My (limited) understanding of the VFS code is that functions at
the notify_change() level expect that its callers will have
already sanitized the input -- those callers are largely the
system call routines. That's why I chose to address this in NFSD.

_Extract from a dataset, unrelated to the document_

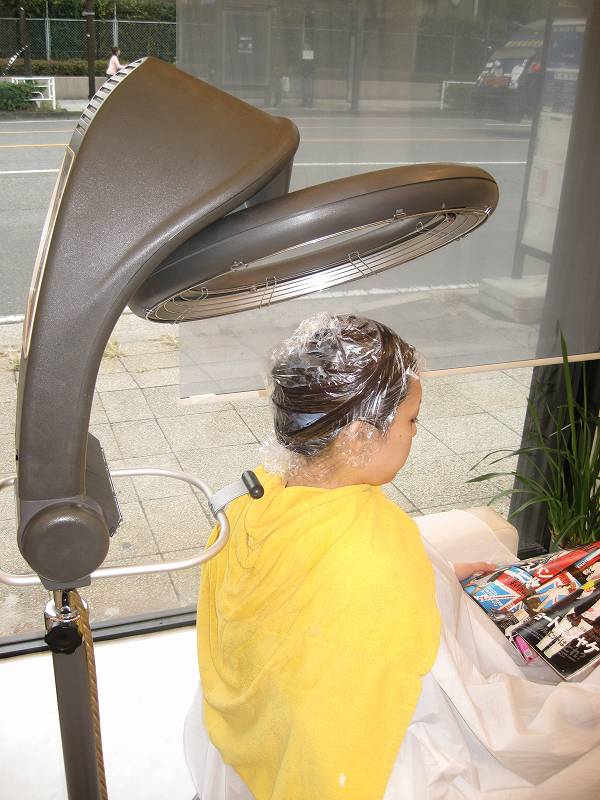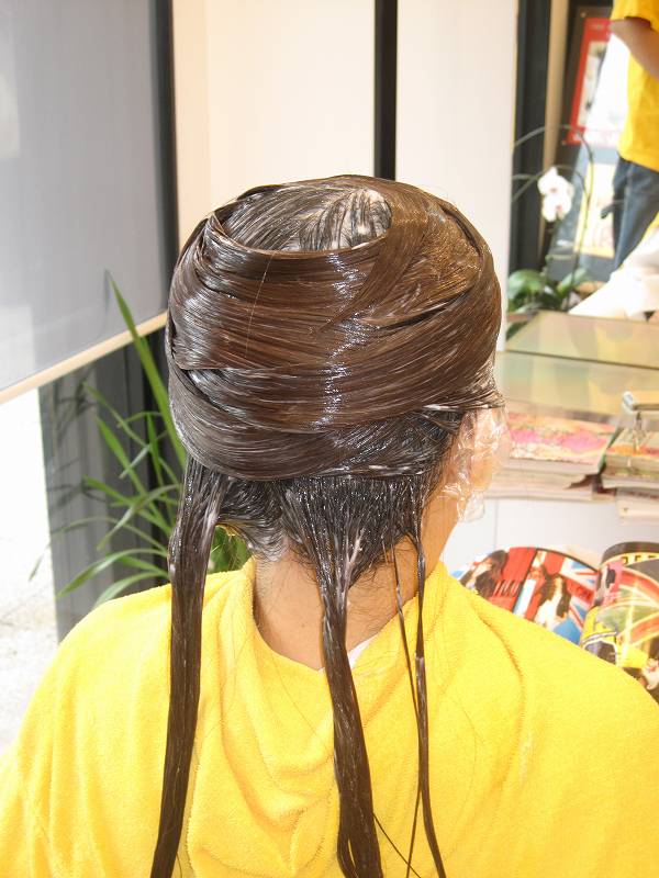 ただ今、パーマを巻き終わり、放置中です。
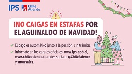 El Instituto de Previsión Social (IPS) informa a las personas pensionadas que el Aguinaldo de Navidad, que beneficia a más de 2 millones 800 mil personas a nivel nacional y a más de 148 mil pensionadas y pensionados en la Región de O’Higgins, solo se paga automáticamente -junto con la pensión del mes- a quienes cumplen los requisitos, y no se deben ingresar datos a un enlace o sitio web para solicitarlo.

Maybe inode_newsize_ok() needs to check for negative size values?


--
Chuck Lever
Dave Chinner Feb. 9, 2022, 9:55 p.m. UTC | #3
On Fri, Jan 28, 2022 at 01:48:48AM +0000, Chuck Lever III wrote:
> 
> 
> > On Jan 27, 2022, at 7:36 PM, Dave Chinner <david@fromorbit.com> wrote:
> > 
> > On Thu, Jan 27, 2022 at 11:08:31AM -0500, Chuck Lever wrote:
> >> IOW it assumes the caller has already sanity-checked the value.
> > 
> > Every filesystem assumes that the iattr that is passed to ->setattr
> > by notify_change() has been sanity checked and the parameters are
> > within the valid VFS supported ranges, not just XFS. Perhaps this
> > check should be in notify_change, not in the callers?
> 
> My (limited) understanding of the VFS code is that functions at
> the notify_change() level expect that its callers will have
> already sanitized the input -- those callers are largely the
> system call routines. That's why I chose to address this in NFSD.
> 
> Maybe inode_newsize_ok() needs to check for negative size values?

Yeah, that would seem reasonable - the size passed to it is a
loff_t, and it's not checked for overflows/negative values. So if it
checked for offset < 0 if would catch this....

Cheers,

Dave.
diff mbox series

Patch

diff --git a/fs/nfsd/nfs4proc.c b/fs/nfsd/nfs4proc.c
index ed1ee25647be..b8ac2b9bce74 100644
--- a/fs/nfsd/nfs4proc.c
+++ b/fs/nfsd/nfs4proc.c
@@ -972,6 +972,9 @@  nfsd4_setattr(struct svc_rqst *rqstp, struct nfsd4_compound_state *cstate,
 	int err;
 
 	if (setattr->sa_iattr.ia_valid & ATTR_SIZE) {
+		if (setattr->sa_iattr.ia_size < 0)
+			return nfserr_fbig;
+
 		status = nfs4_preprocess_stateid_op(rqstp, cstate,
 				&cstate->current_fh, &setattr->sa_stateid,
 				WR_STATE, NULL, NULL);